§ **Work item**
Reproduce the data that follows character for character, but omit its pictures.

§ **Records to process**

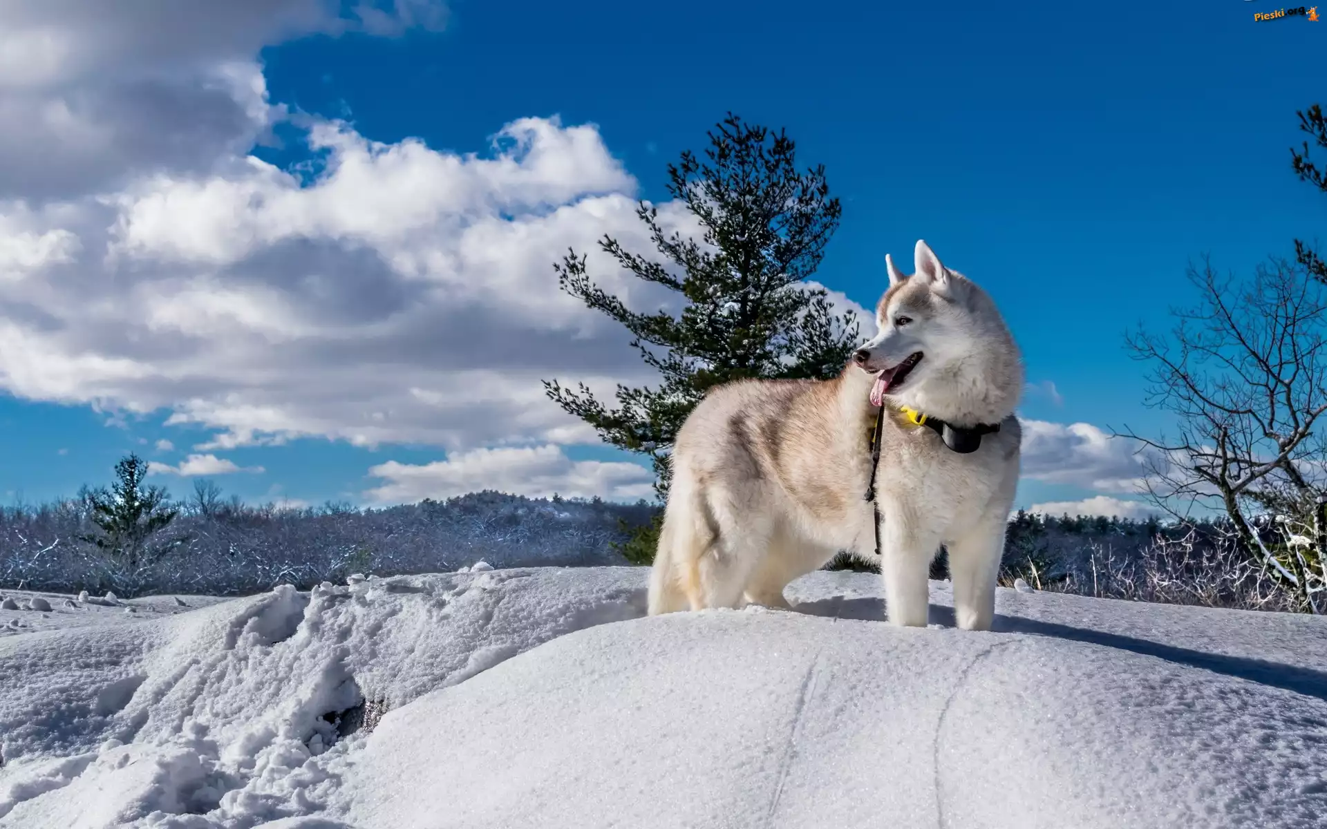 Zima, Siberian Husky, Pies, Krajobraz, Pieski
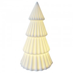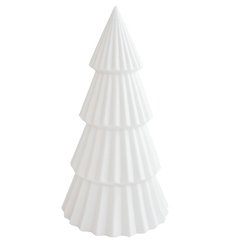 Keraaminen raitakuvioinen kuusikoriste, jossa lämpimänsävyinen led-valo.
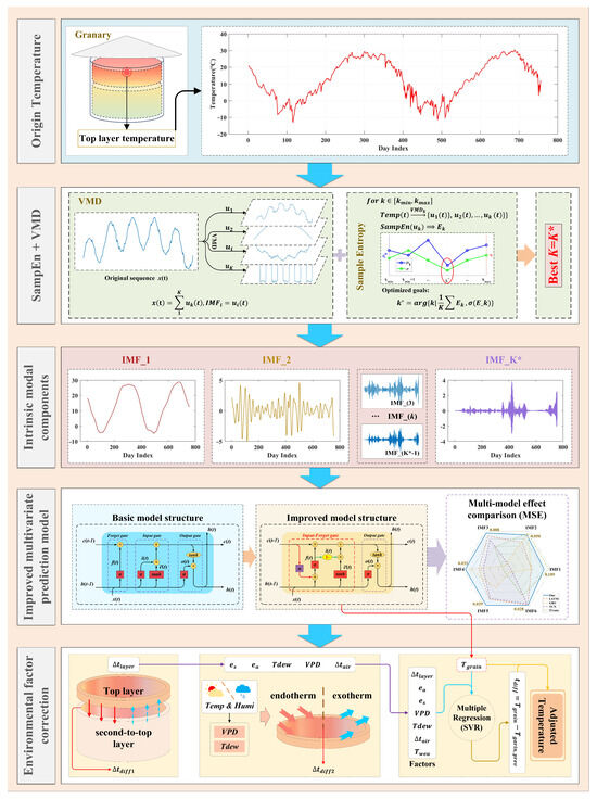 The evolution of grain pile surface temperature is driven by internal dynamics and strongly modulated by external environments. Accordingly, this study develops a VMD-SampEn-vLSTM model based on historical temperature series, then incorporates environmental factors via multivariate regression to refine the prediction results.
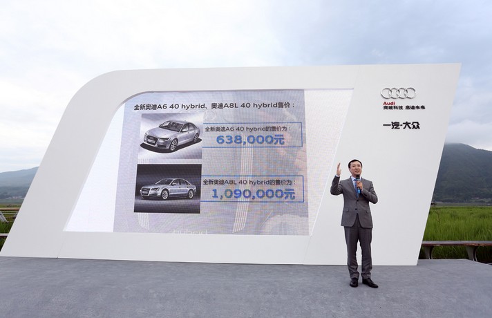 2013年5月29日,一汽-大眾奧迪在“China. Land of quattro?見地未來”大型活動的第一條線路——“綠色和諧之旅”的終點云南騰沖,舉辦“綠色科技 榮耀上市”活動,宣布全球最高效的全混C級豪華轎車——全新奧迪A6 40 hybrid和全混D級豪華轎車——全新奧迪A8L 40 hybrid正式上市,售價分別為63.8萬元和109萬元。這兩款混合動力的加入,使全新奧迪A6與全新奧迪A8產品形象更為豐滿,滿足勇于超越自我、崇尚綠色環保、注重生活品質、引領未來潮流的社會精英們的需求。
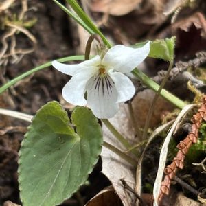 シコクスミレ(四国菫)スミレ科スミレ属 別名、ハコネスミレ 富士山麓にシコクスミレが咲いてます。 3株確認できました。 葉は長さ2~4㎝の心形、先が尖り、波状鋸歯縁、葉脈が深い。 葉の形と脈の湾曲と深さに特徴があり、葉だけでも見分けやすい。 花は、直径約1.5㎝、白色。 花弁の裏も白色で、唇弁の紫色のすじは濃くはっきりしている。 距は非常に短く、ほとんど後ろに突き出ない。 萼片はしだいに反り返り、付属体に切れ込みがある。 側弁の基部は有毛と無毛がある 🏷 白い貴婦人✨ 🏷 白い水曜日♡
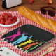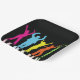 Algunos coloridos bailarines sentados sobre un fondo negro. Este diseño parece realmente efectivo en estas placas de papel
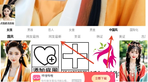 1、先在首页选你喜欢的写真风格模板,像甜美风、复古风等。
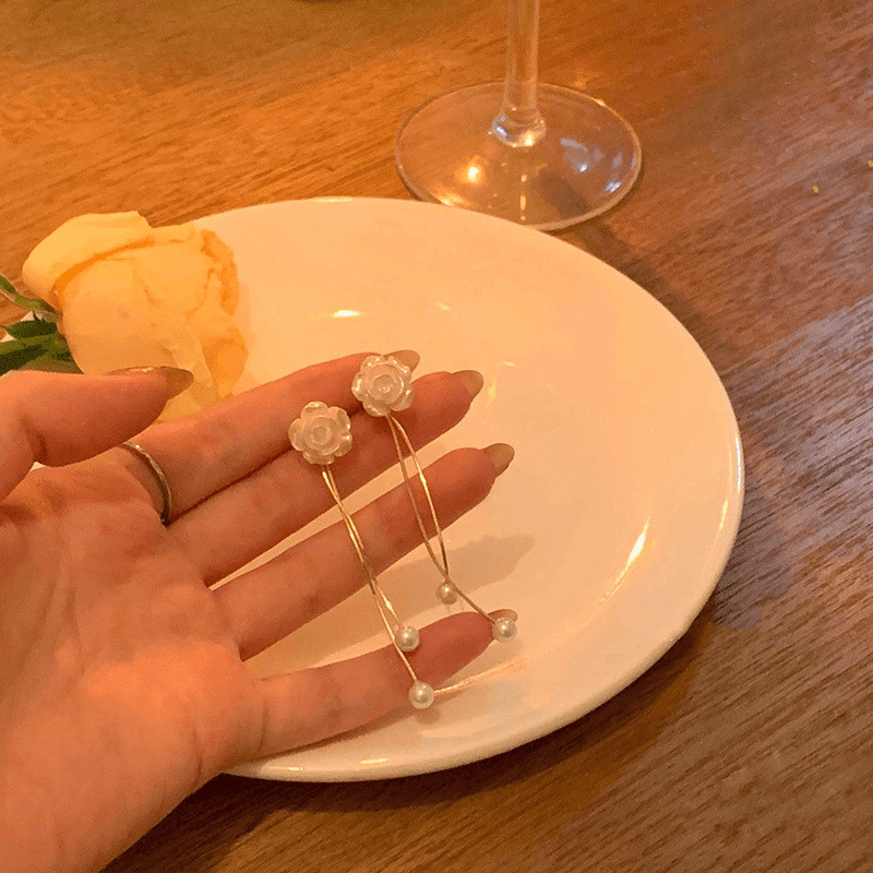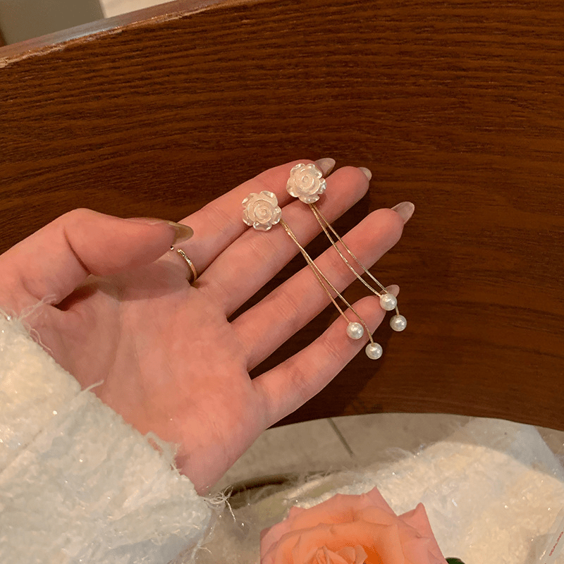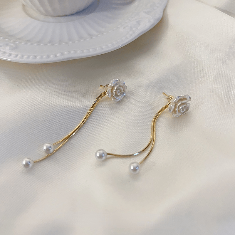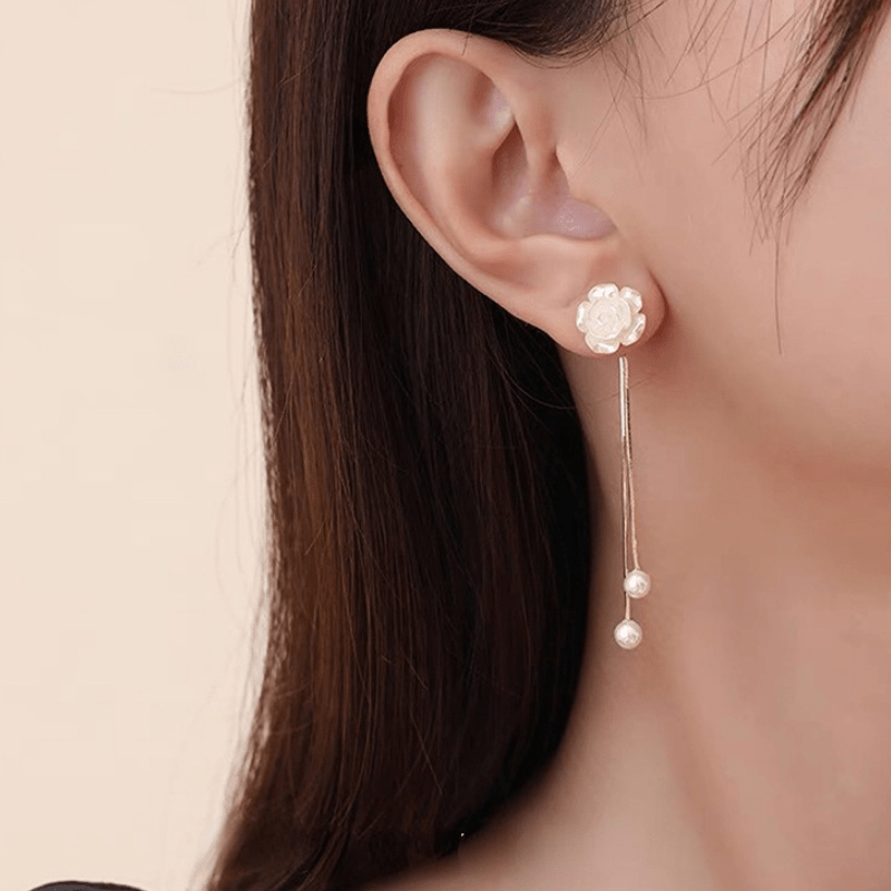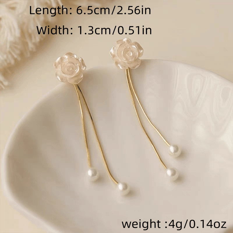 These earrings feature a Japan and South Korea style design with faux pearls and tassel dangle accents. They are made of alloy with synthetic gems, suitable for all seasons and daily wear.
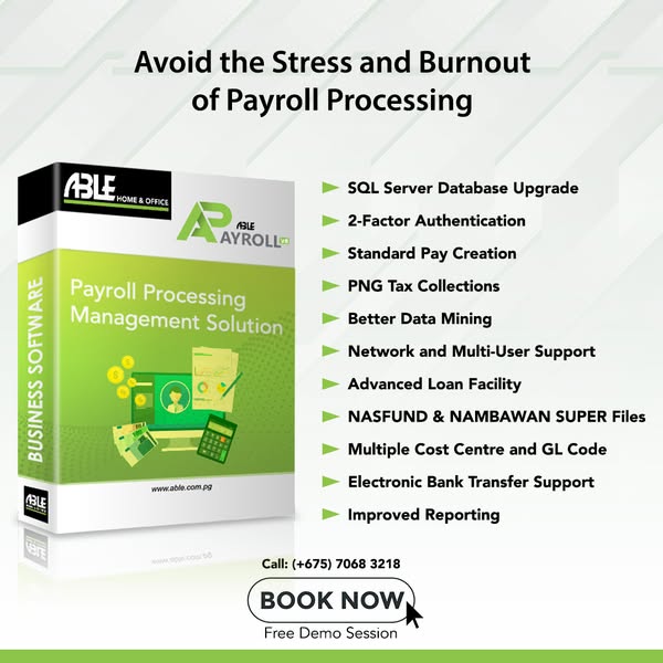 Able Payroll v8 is a powerful and reliable payroll management system designed specifically for businesses in Papua New Guinea. It automates payroll processing, generates accurate payslips, and ensures full compliance with local requirements such as SSP, SOR, tax, and superannuation. With features like multi-user access, leave and deduction tracking, and integration with biometric attendance systems, Able Payroll v8 helps streamline HR operations and simplifies government reporting—all with dependable local support.
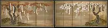25. Mitsuoki, Tosa (1649–1686). "Flowering Cherry and Autumn Maples with Poem Slips". Artic. Art Institute of Chicago.
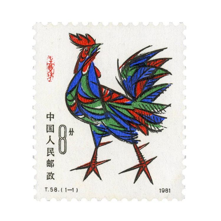 邮票的特约设计者是我国当代著名画家张仃先生。1981年设计“辛酉年”生肖邮票时,有关人士首先就想到张仃先生并向他约公鸡画稿。张仃先生绘有无数的鸡画,任意挑选一张皆可成为邮票画面。然而,这一次却没让人挑选,而是自己取出一张皱巴巴的旧画作为邮票的主图。人们都百思不解,最后还是张仃自己透露了其中奥秘,原来这是一张失而复得、值得纪念的画作,是一张深深打上了一段浩劫灾难印迹的、非同寻常的画作。
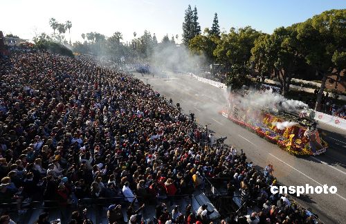 大游行吸引了來自全世界共46輛豪華花車、22個(gè)樂隊(duì)方陣和18個(gè)騎士方陣參加。帕薩迪納玫瑰花車大游行自1890年元旦舉辦以來已歷120屆,現(xiàn)已成為全美最主要的新年慶典活動(dòng)之一,與紐約時(shí)代廣場的跨年慶祝活動(dòng)齊名。中新社發(fā) 張煒 攝

§ **Task output**
 Zima, Siberian Husky, Pies, Krajobraz, Pieski
 Keraaminen raitakuvioinen kuusikoriste, jossa lämpimänsävyinen led-valo.
 The evolution of grain pile surface temperature is driven by internal dynamics and strongly modulated by external environments. Accordingly, this study develops a VMD-SampEn-vLSTM model based on historical temperature series, then incorporates environmental factors via multivariate regression to refine the prediction results.
 2013年5月29日,一汽-大眾奧迪在“China. Land of quattro?見地未來”大型活動的第一條線路——“綠色和諧之旅”的終點云南騰沖,舉辦“綠色科技 榮耀上市”活動,宣布全球最高效的全混C級豪華轎車——全新奧迪A6 40 hybrid和全混D級豪華轎車——全新奧迪A8L 40 hybrid正式上市,售價分別為63.8萬元和109萬元。這兩款混合動力的加入,使全新奧迪A6與全新奧迪A8產品形象更為豐滿,滿足勇于超越自我、崇尚綠色環保、注重生活品質、引領未來潮流的社會精英們的需求。
 シコクスミレ(四国菫)スミレ科スミレ属 別名、ハコネスミレ 富士山麓にシコクスミレが咲いてます。 3株確認できました。 葉は長さ2~4㎝の心形、先が尖り、波状鋸歯縁、葉脈が深い。 葉の形と脈の湾曲と深さに特徴があり、葉だけでも見分けやすい。 花は、直径約1.5㎝、白色。 花弁の裏も白色で、唇弁の紫色のすじは濃くはっきりしている。 距は非常に短く、ほとんど後ろに突き出ない。 萼片はしだいに反り返り、付属体に切れ込みがある。 側弁の基部は有毛と無毛がある 🏷 白い貴婦人✨ 🏷 白い水曜日♡
 Algunos coloridos bailarines sentados sobre un fondo negro. Este diseño parece realmente efectivo en estas placas de papel
 1、先在首页选你喜欢的写真风格模板,像甜美风、复古风等。
 These earrings feature a Japan and South Korea style design with faux pearls and tassel dangle accents. They are made of alloy with synthetic gems, suitable for all seasons and daily wear.
 Able Payroll v8 is a powerful and reliable payroll management system designed specifically for businesses in Papua New Guinea. It automates payroll processing, generates accurate payslips, and ensures full compliance with local requirements such as SSP, SOR, tax, and superannuation. With features like multi-user access, leave and deduction tracking, and integration with biometric attendance systems, Able Payroll v8 helps streamline HR operations and simplifies government reporting—all with dependable local support.
25. Mitsuoki, Tosa (1649–1686). "Flowering Cherry and Autumn Maples with Poem Slips". Artic. Art Institute of Chicago.
 邮票的特约设计者是我国当代著名画家张仃先生。1981年设计“辛酉年”生肖邮票时,有关人士首先就想到张仃先生并向他约公鸡画稿。张仃先生绘有无数的鸡画,任意挑选一张皆可成为邮票画面。然而,这一次却没让人挑选,而是自己取出一张皱巴巴的旧画作为邮票的主图。人们都百思不解,最后还是张仃自己透露了其中奥秘,原来这是一张失而复得、值得纪念的画作,是一张深深打上了一段浩劫灾难印迹的、非同寻常的画作。
 大游行吸引了來自全世界共46輛豪華花車、22個(gè)樂隊(duì)方陣和18個(gè)騎士方陣參加。帕薩迪納玫瑰花車大游行自1890年元旦舉辦以來已歷120屆,現(xiàn)已成為全美最主要的新年慶典活動(dòng)之一,與紐約時(shí)代廣場的跨年慶祝活動(dòng)齊名。中新社發(fā) 張煒 攝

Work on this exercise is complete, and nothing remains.